Attempting to deprive the British of their chief source of flour, Izard sent a brigade of about 1,200 men, consisting of the 5th, 14th, 15th and 16th U.S. Infantry with some detachments of riflemen and U.S. Dragoons under Brigadier General Daniel Bissell, to take Cooks Mills on Lyon's Creek in Crowland township. In response, Drummond dispatched about 750 men (the 6th Regiment, the Glengarry Light Infantry and the flank companies of the 104th Regiment, with a 6-pounder gun and a Congreve rocket detachment) under Colonel Christopher Myers to reconnoitre the American force.

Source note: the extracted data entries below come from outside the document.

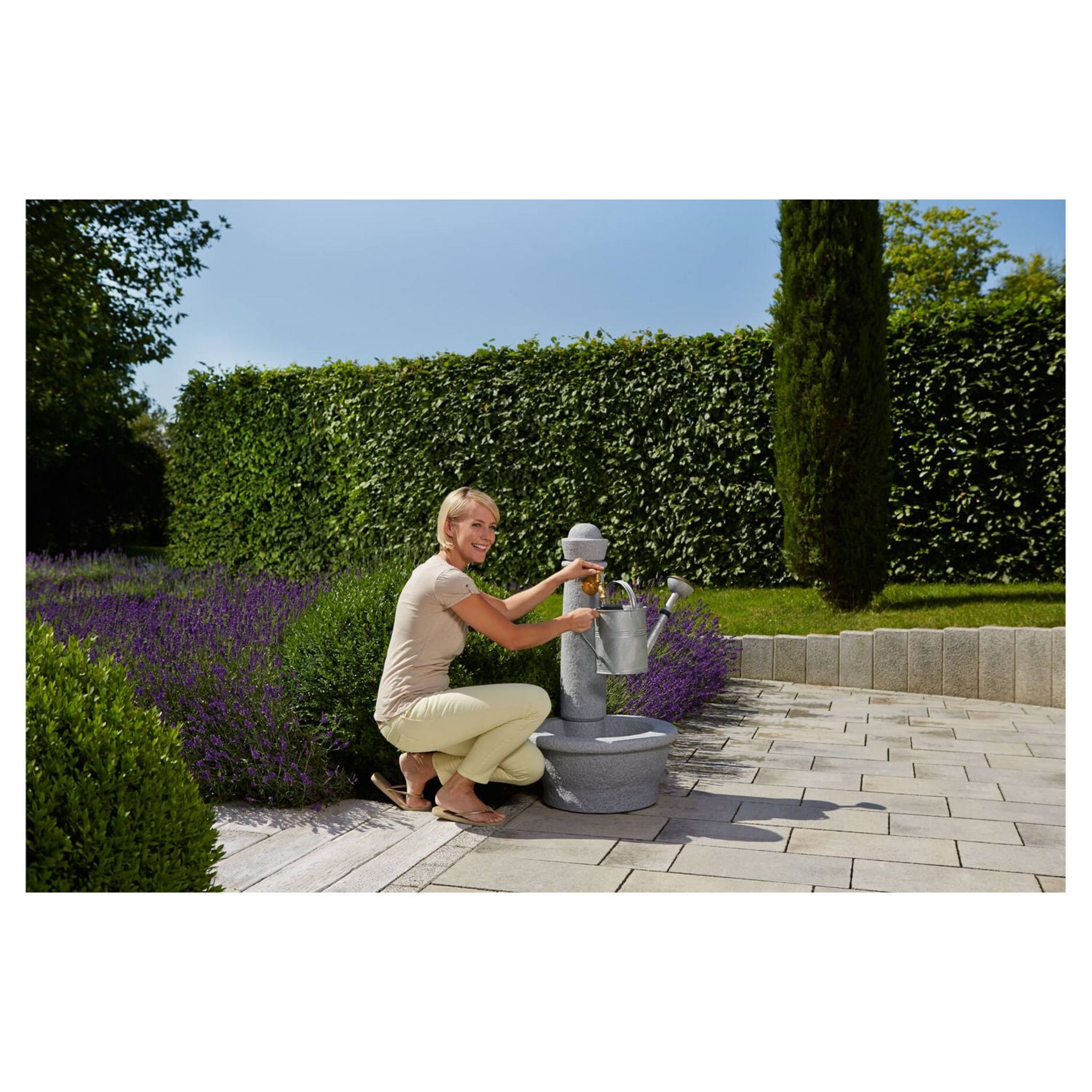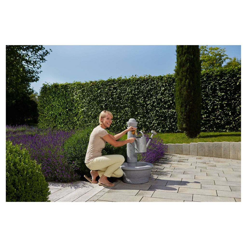 Alliant le style italien et la beauté de la pierre naturelle, la fontaine ROMA constitue un formidable point d’eau dans son jardin. Aspect pierre naturelle- Permet d’avoir un point d’eau à n’importe quel endroit du jardin- Vasque intégrée permettant de stocker l’eau (nettoyage accessoires jardin, légumes ...)- Robinet Nostalgie : véritable robinet gargouille de haute qualité déjà monté sur la fontaine
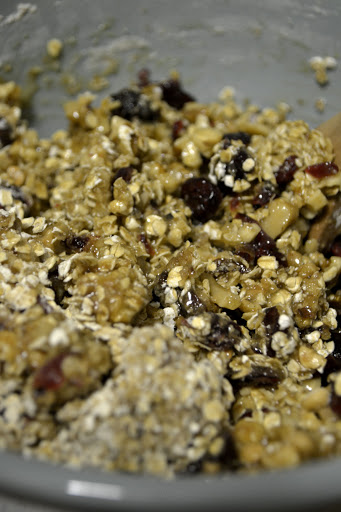 I made mine with cranberries and sour cherries and walnuts (and used a full 3 cups worth because I wanted them packed with goodness) but you can use pretty much any combination of fruit and nuts you like. I also added maple syrup (because I have some in the cupboard and if I’m not careful it’ll still be there when I’m all handed in, gasp, and packing up, in 22 months time! Yes, I have started a count down.) but you could use golden syrup instead. I couldn’t be bothered to blend oats into flour (all that setting up of gadgetry was just too much to ask) so I made mine with wholemeal flour. This is the kind of recipe that can be adjusted to using up random ingredients in the cupboard. I’m not going to write out the version I used because it’s basically the same as the original, which you can find here. I did use the less amount of sugar though and they still came out super sweet.
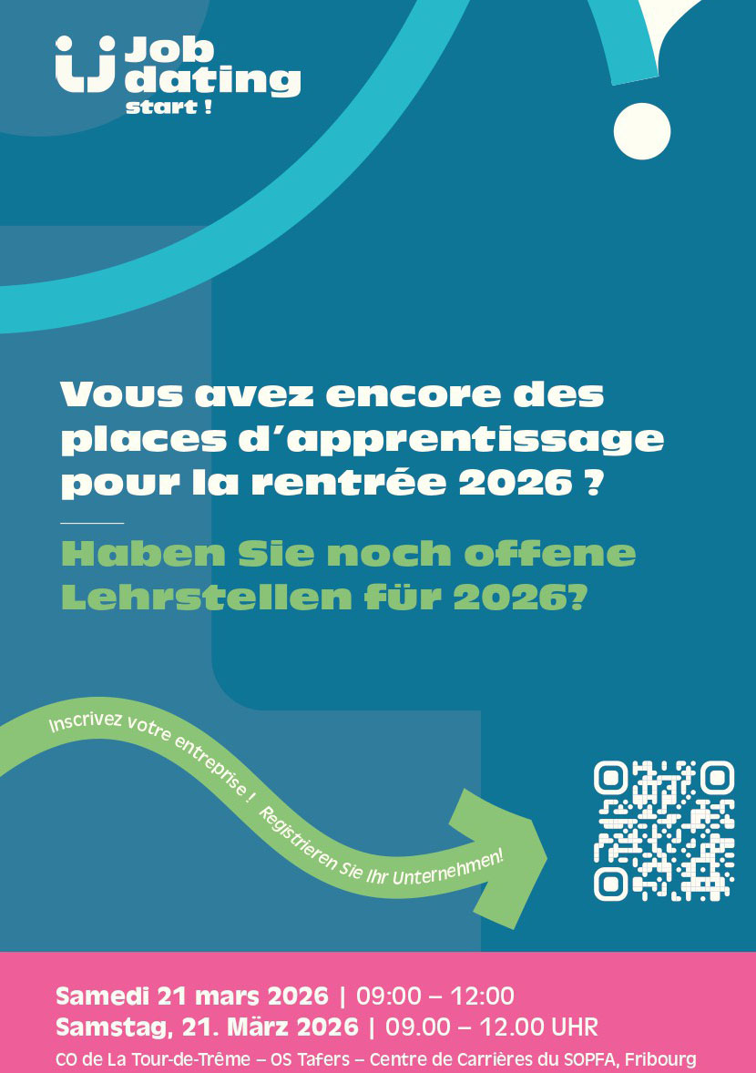 Am Samstag, den 21. März 2026 organisiert der Verband Forum der Berufe START! im Kanton Freiburg die achte Ausgabe von START! Job dating. Das Ziel dieser Veranstaltung ist es, die Unternehmen und die Schüler/-innen der Orientierungsschulen im Hinblick auf eine eventuelle Lehrstelle in Kontakt zu bringen.
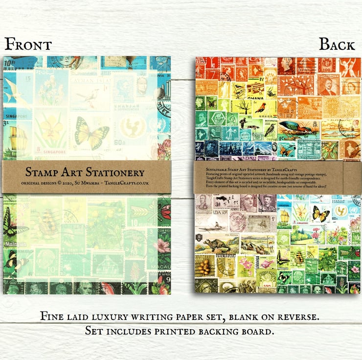 My first love is making collages from used, vintage postage stamps - creating new artwork from otherwise utterly disposable and unloved ephemera. The prints that these stationery designs are taken from were originally collaged directly onto notebooks which have since found new homes. It makes me happy to see the life of these artworks extended even further, and to find their way into the hands of letter writers who will appreciate their many glimpses into a forgotten postal history...
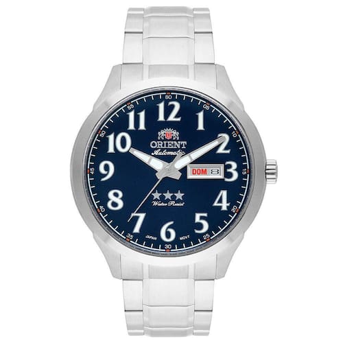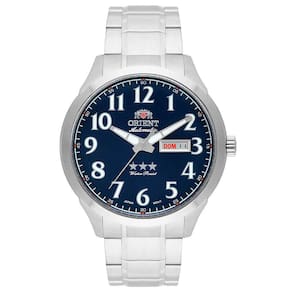 Relógio Orient Masculino 469SS074 D2SX Automatico Gênero: Masculino Visor: Azul Vidro: Cristal Mineral Funções: Analogico: 50M Características: com caixa Aço inoxidável e pulseira Aço Diâmetro da caixa: 44mm Garantia: 1 ano
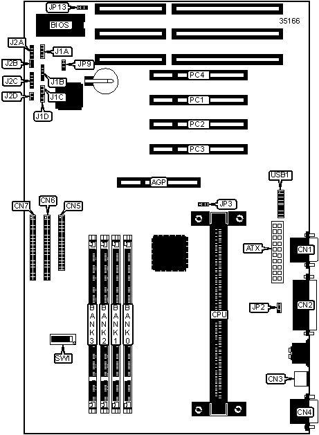 32-bit PCI slots (4), floppy drive interface, IDE interface (2), parallel port, PS/2 mouse port, serial ports (2), USB connector (2), IR connector, AGP slot, green PC connector, ATX power connector |
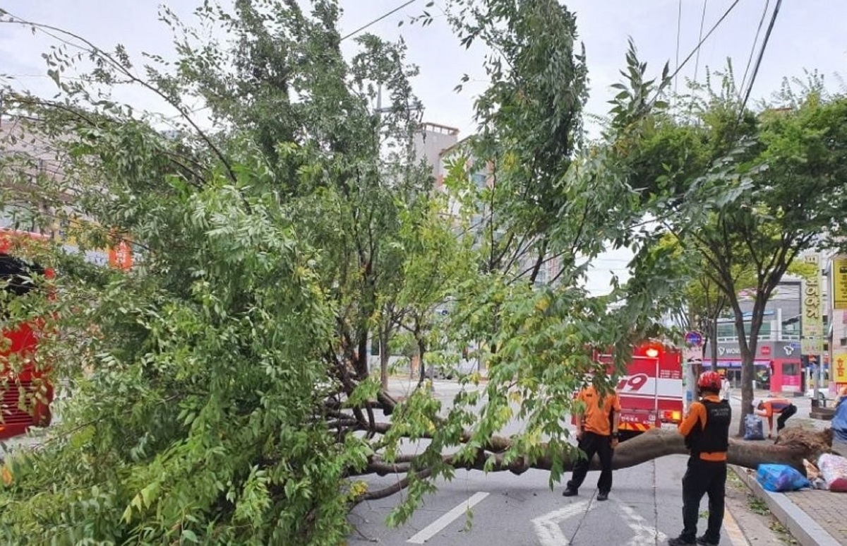 전북 군산시 미룡동의 한 도로에 가로수가 쓰러진 모습. 기사 이해를 돕기 위한 자료사진. 군산=연합뉴스
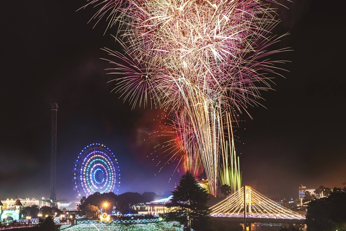 夜空にオーロラが出現する「奇跡のオーロラショー」と、夜空に輝く音と光のエンターテイメントショー「花火ファンタジア」を連続で楽しめます。
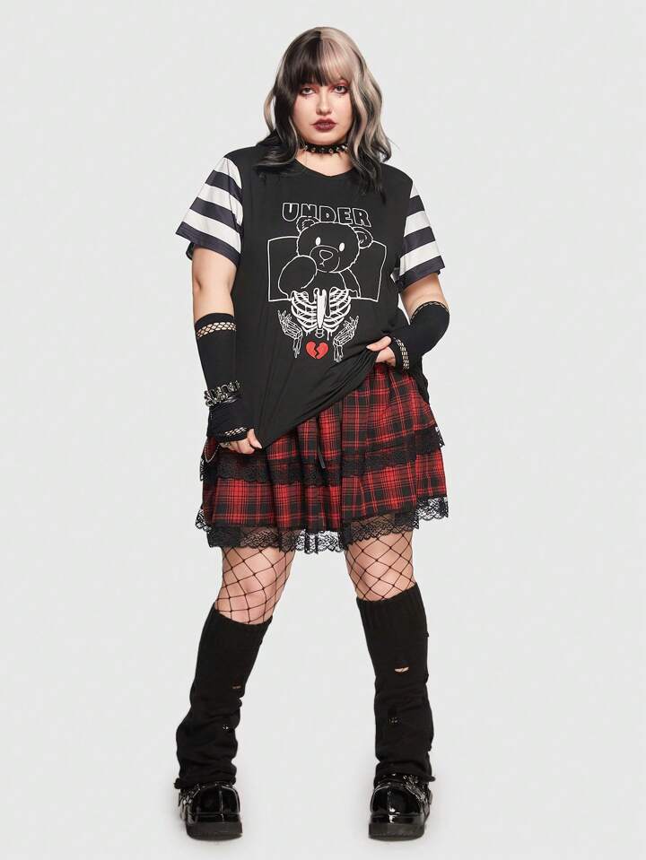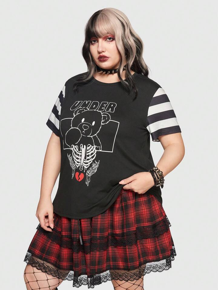 Kawaii Plus Striped & Cartoon Graphic Tee
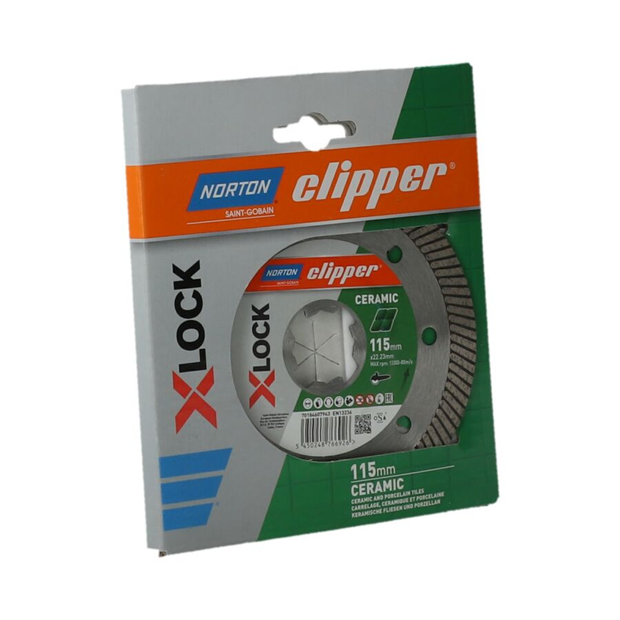 Die Norton Clipper Diamantscheibe CERAMIC 115x22.23mm ist speziell für die Bearbeitung von sowohl weichen als auch harten Fliesen und anderen keramischen Produkten entworfen. Mit einem Durchmesser von 115 mm und einer Bohrung von 22.23 mm passt diese Scheibe ideal für gängige Winkelschleifer und ist optimal für Trennarbeiten bei Fliesen und Naturstein geeignet.
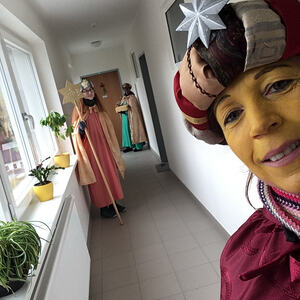 46 Sternsinger/innen im Alter von 10 bis 55 Jahre mit ihren Begleitern, die allen Menschen in unserer Pfarre ein segensreiches Neues Jahr wünschen;
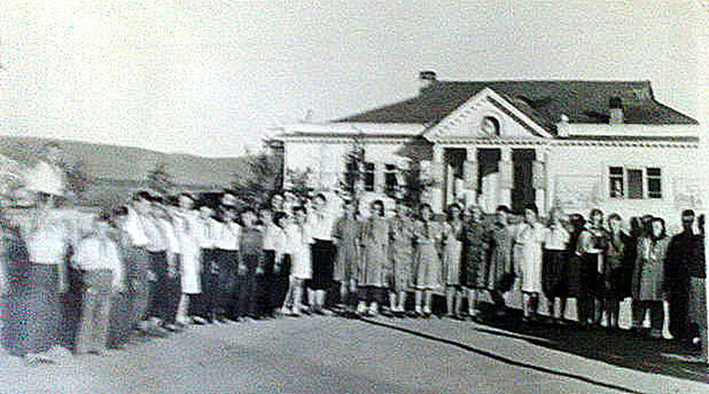 Фото №101 (архив Дорожевца А.Н.). Вероятно, лето 1954. – Учителя и школьники перед зданием школы.
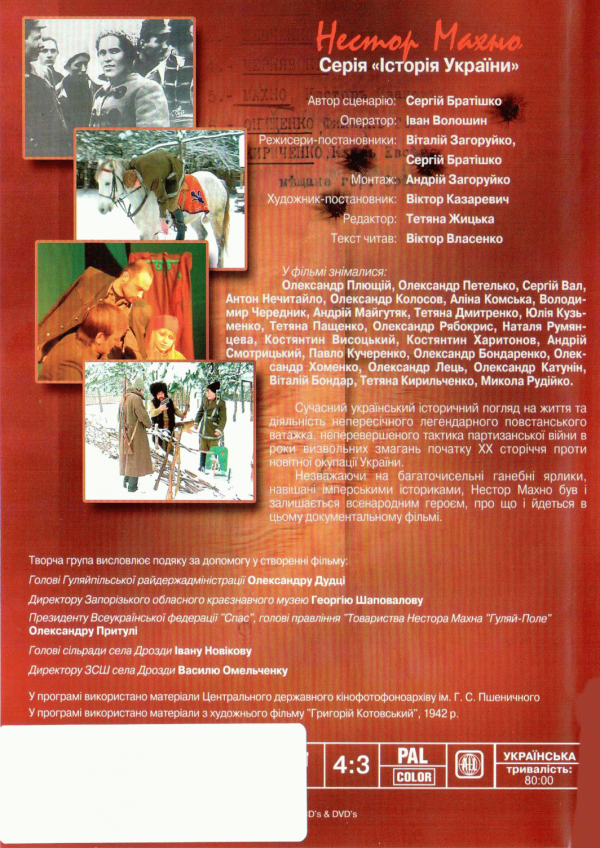 Nestor Ivanovych Makhno (Bat’ko Makhno) was a guerilla leader who led an independent anarchist army in Ukraine, and commanded a peasant Revolutionary Insurrectionary Army. He then turned to organizing the Free Territory of Ukraine, as an anarchist society. This DVD presents a contemporary Ukrainian historical view of the life and activities of this legendary insurgent leader and master of guerilla warfare during the struggle for independence (beginning of the 20th century). Despite the many shameful labels attributed to Makhno by imperial-minded historians, Makhno remains a popular folk hero. Historical Documentary
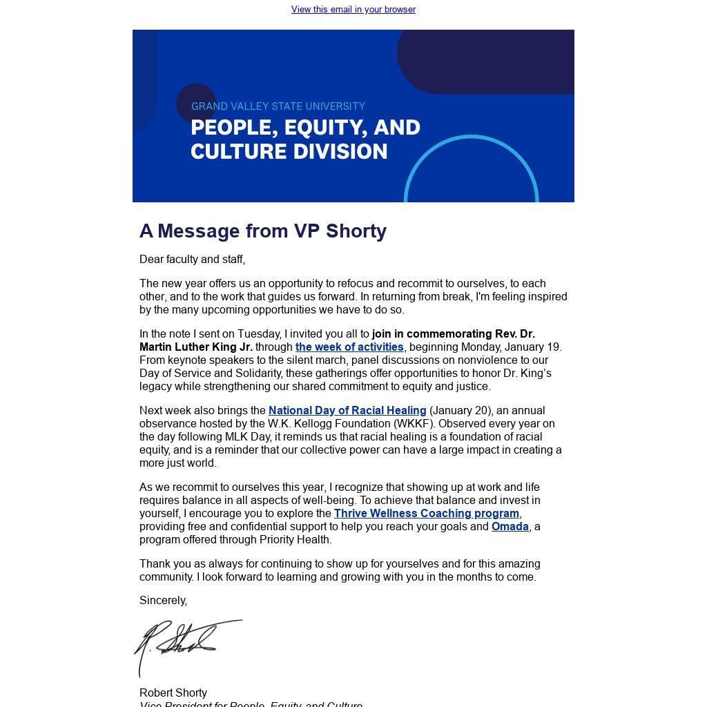 In the note I sent on Tuesday, I invited you all to join in commemorating Rev. Dr. Martin Luther King Jr. through the week of activities, beginning Monday, January 19. From keynote speakers to the silent march, panel discussions on nonviolence to our Day of Service and Solidarity, these gatherings offer opportunities to honor Dr. King’s legacy while strengthening our shared commitment to equity and justice.

On the morning of 19 October, Myers came into contact with the American picket just east of the mills. A half-hour fight ensued, but the Americans could not be lured from the cover of the woods. Observing American soldiers moving through the trees on his right and left, Myers feared he was being out-manoeuvred. He eventually ordered an orderly retreat. The Americans pursued his column nearly to their camp at the Lyon's Creek settlement. Returning to Cooks Mills, the Americans destroyed all the grain found in the mill. Their dead, approximately a dozen soldiers, were interred in shallow pits at the Yokom farmhouse near the mills. The next day they withdrew to their camp at Black Creek.

==Aftermath==
The battle showed the effects of Izard's well trained troops. Despite this minor victory, it became apparent that Drummond was not going to move from his defences. Izard also heard that British ships dominated Lake Ontario, and any American advance risked being cut off by a landing in its rear. He withdrew to Fort Erie. The British loss of 200 bushels of wheat was offset when several American provision boats crossed the Niagara unaware of Izard's retreat and fell into British hands.

Izard later destroyed Fort Erie and returned to the U.S. side of the river. Drummond moved to the remains of the fort but chose not to rebuild it, and the fighting along the Niagara Frontier came to an end.

The site of the battle was designated a National Historic Site in 1921, and is a unit of the national park system. A federal cairn were erected in 1923, and the current plaque replaced the original on the cairn in 1977. Bicentennial commemorations in 2014 included construction of a visitors’ plaza and the unveiling of interpretive markers.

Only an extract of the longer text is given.